William Keith (1838 – 1911)


William Keith Museum Collections

 

William Keith was one of the leading western landscape painters of the late nineteenth century.

Keith was born in Aberdeen, Scotland and emigrated to New York with his family in 1850. He apprenticed with a wood engraver and later worked for Harper Brothers publishers. He may first have visited California in 1858 on assignment, but also visited Scotland that same year, and worked at the London Daily News.

In 1859, Keith moved to San Francisco where he worked for an engraver before setting up his own engraving shop with a partner. He first studied painting with Samuel Brookes in 1863, and took watercolor instruction from his wife, Elizabeth Emerson, whom he married in 1864. In 1868, Keith gave up engraving to pursue painting full time, encouraged by having received a commission from a steamship company to paint landscapes along the Columbia River.

In 1869, the Keiths left for Dusseldorf, Germany where William studied with Albert Flamm and Andreas Achenbach, although he did not enroll at the Royal Academy. More influential on his style of painting were the French Barbizon painters who emphasized mood and emotion over the dramatized realism of the German romantic painters. Leaving Europe, the Keiths spent the winter of 1871-72 painting in the Boston studio of William Hahn. The Barbizon and other “modern French” paintings had become popular on the east coast, and Keith’s canvases received critical acclaim at exhibitions in Boston and New York.

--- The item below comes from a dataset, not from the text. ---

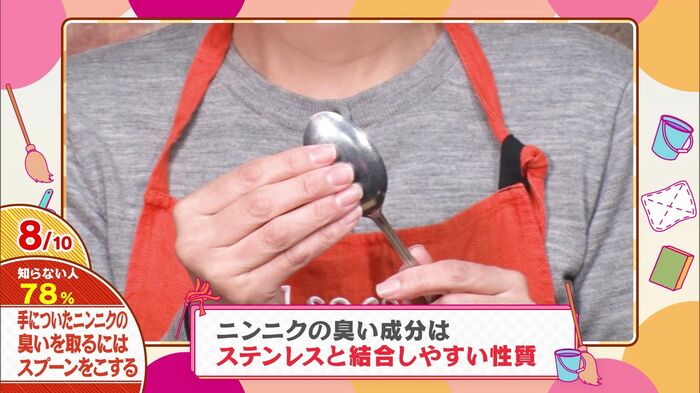 にんにくの臭いがついた手で、ステンレス製のスプーンを30秒ほどこすり洗いします。するとにんにくの臭いの原因である硫黄化合物が、ステンレスと結合して分解されるんです。その後、普通に手を洗えば、にんにくの臭いがスッキリ消えます。

After returning to San Francisco in 1872, Keith joined the Bohemian Club and started exhibiting his work there. He met naturalist John Muir that same year and the two became lifelong friends. Muir led the painter into seldom visited landscapes around California, especially in his beloved Sierra Nevada and Yosemite. During the 1870s, Keith completed several eight by ten foot paintings of High Sierra views which were thought to rival the monumental canvases of Thomas Hill, the other renowned California landscape painter of the era.

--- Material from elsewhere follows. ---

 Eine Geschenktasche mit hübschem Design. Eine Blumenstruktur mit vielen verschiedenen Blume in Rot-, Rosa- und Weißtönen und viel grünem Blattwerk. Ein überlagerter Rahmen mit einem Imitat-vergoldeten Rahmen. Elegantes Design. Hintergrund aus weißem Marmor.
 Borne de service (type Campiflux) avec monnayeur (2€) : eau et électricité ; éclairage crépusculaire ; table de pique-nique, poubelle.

Elizabeth Keith died in 1882, and the next year William married Mary McHenry a pioneering female law school graduate. The couple soon left for Munich where Keith studied portrait painting for two years. Returning to California, the Keiths settled in Berkeley although William maintained a studio in San Francisco, commuting each day on the ferry. The studio burned in the earthquake and fire of 1906, and Keith is said to have lost as many as 2000 paintings.

After a trip to Alaska in 1887, Keith mounted a show at the Bohemian Club he titled Dreams of Alaska. These paintings were not literal translations of the views he sketched on location, but rather “fantasies of a poetical nature” as the catalogue from the show reported. Following his second trip to Europe, Keith’s style of painting had become even looser and more evocative under influence of the French landscapists. By the 1890s, he had pushed this “suggestive” approach to capturing the landscape into the realm of tonalism, perhaps partially influenced by George Innes who painted in Keith’s studio for several weeks in 1891. The two also painted together in Monterey and Yosemite, and both were Swedenborgians, which probably drove their search for the spiritual truths of the landscape that lay behind its surface appearances. Paintings made during the last two decades of Keith’s life tend to be smaller, darker, and moodier than his brighter and more evenly lighted early work.

Keith exhibited widely from the 1870s until his death, including participation in international expositions, museum shows, and solo shows in London and at the Macbeth Gallery in New York. He received numerous awards for his work. Four years after his death, Keith was honored with an entire room devoted to his paintings at the Panama-Pacific International Exposition.